All’improvviso un taxi nero accostò al marciapiede e il finestrino del lato passeggero si abbassò. — Salite! — ordinò una voce dal buio dell’interno.
Nessuno si mosse.
— Non abbiamo tutto il giorno. Salite. — Il timbro profondo della voce aveva un lieve accento nordafricano.
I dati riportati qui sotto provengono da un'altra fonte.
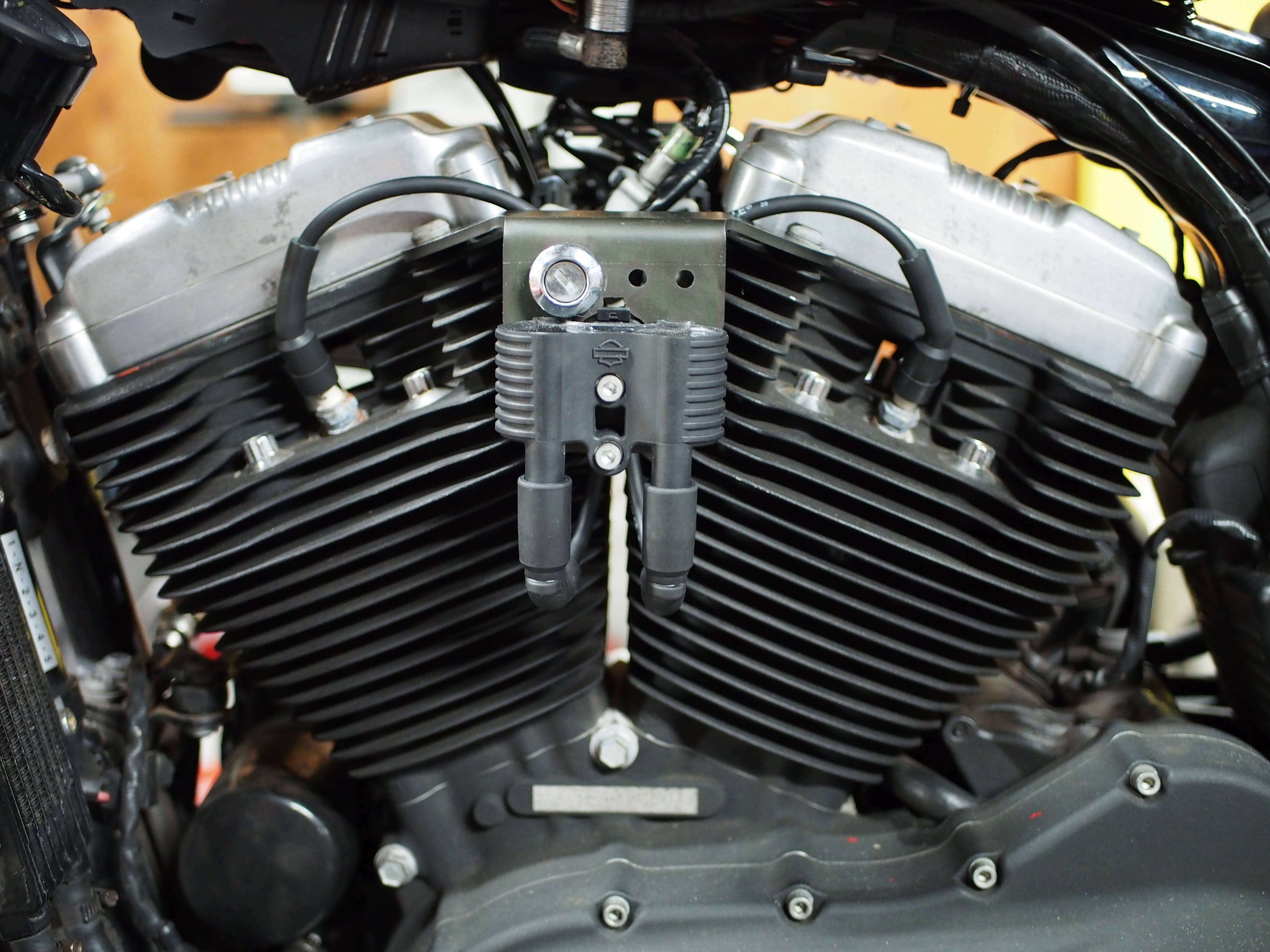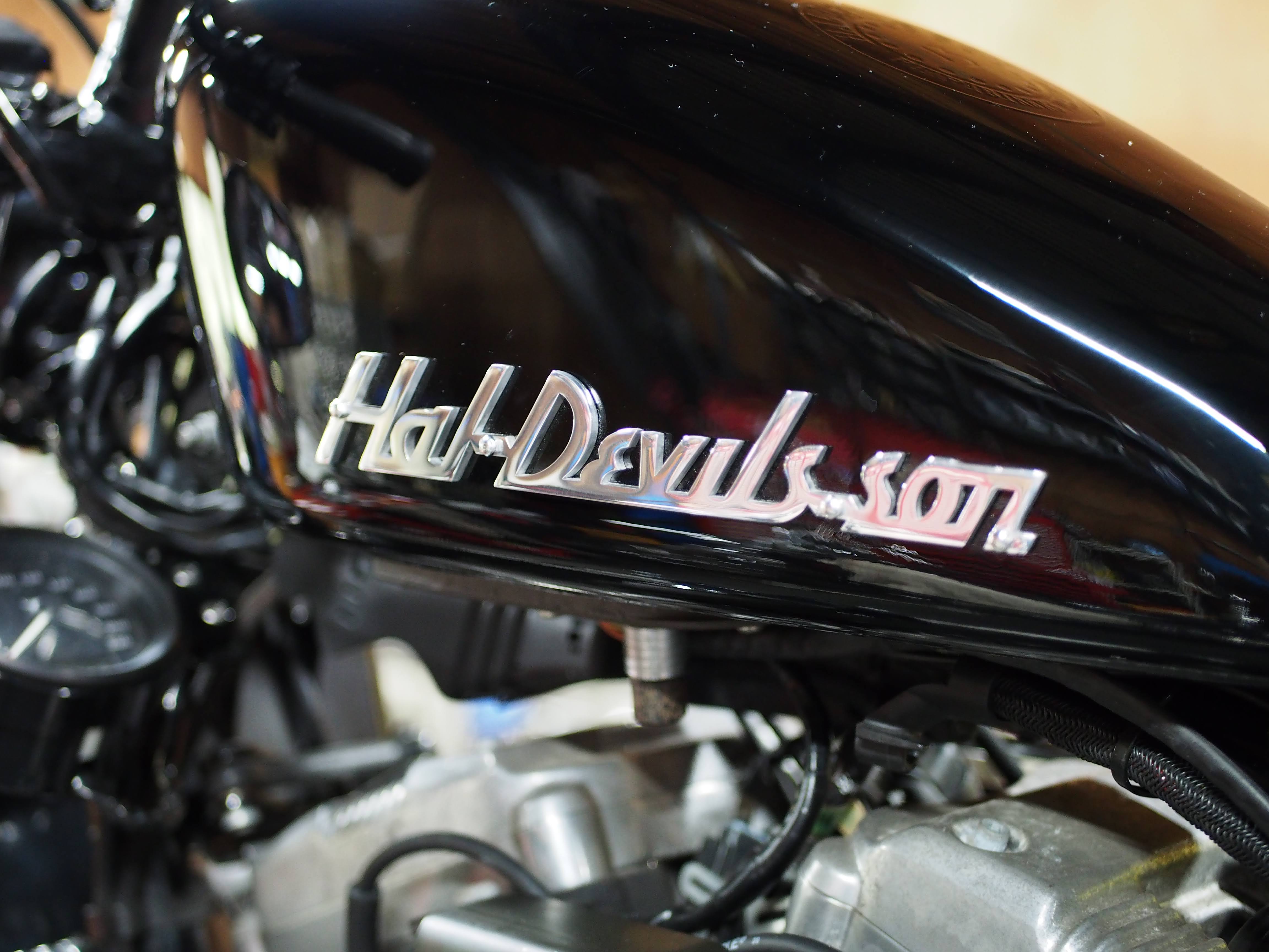 11XL1200X様 Hal-Devils-sonエンブレム取り付け加工、イグニッションスイッチ、イグニッションコイル移設、スピードメーター移設完了しました。
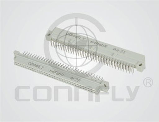 Разъем DIN-41612 64 конт. "вилка" двухрядн. 2x32 (ряды "a + b" с контактами) шаг 2.54 мм, прямой угол на плату, позол.к.ч. 3u" (DS1118-64MCR23)  (аналог 612B-64M*)

— Non abbiamo chiamato un taxi — replicò Flamel, scrutando disperatamente la strada a destra e manca. Saint-Germain aveva detto che gli stava mandando qualcuno, ma l’Alchimista non avrebbe mai immaginato che potesse trattarsi di una cosa così comune come un taxi. Era una trappola? Dee li aveva raggiunti? Si voltò a guardare la chiesa. La porta era aperta. Potevano correre su per le scale e cercare asilo lì dentro; ma, una volta entrati, si sarebbero trovati in trappola.
— Questa macchina è stata ordinata apposta per lei, signor Flamel. — Ci fu una pausa, e la voce aggiunse: — Autore di uno dei libri più noiosi che abbia mai letto, il Sommario filosofico.
— Noioso? — Nicholas spalancò lo sportello del taxi e spinse i gemelli a entrare nella penombra. — È ritenuto da secoli un’opera geniale! — Salì a bordo e sbatté lo sportello. — Scommetto che è stato Francis a suggerirti di dirlo.
— Meglio che vi allacciate le cinture — ordinò l’autista. — Abbiamo tutta una schiera di personaggi di ogni tipo diretta da questa parte, nessuno dei quali amichevoli e tutti decisamente sgradevoli.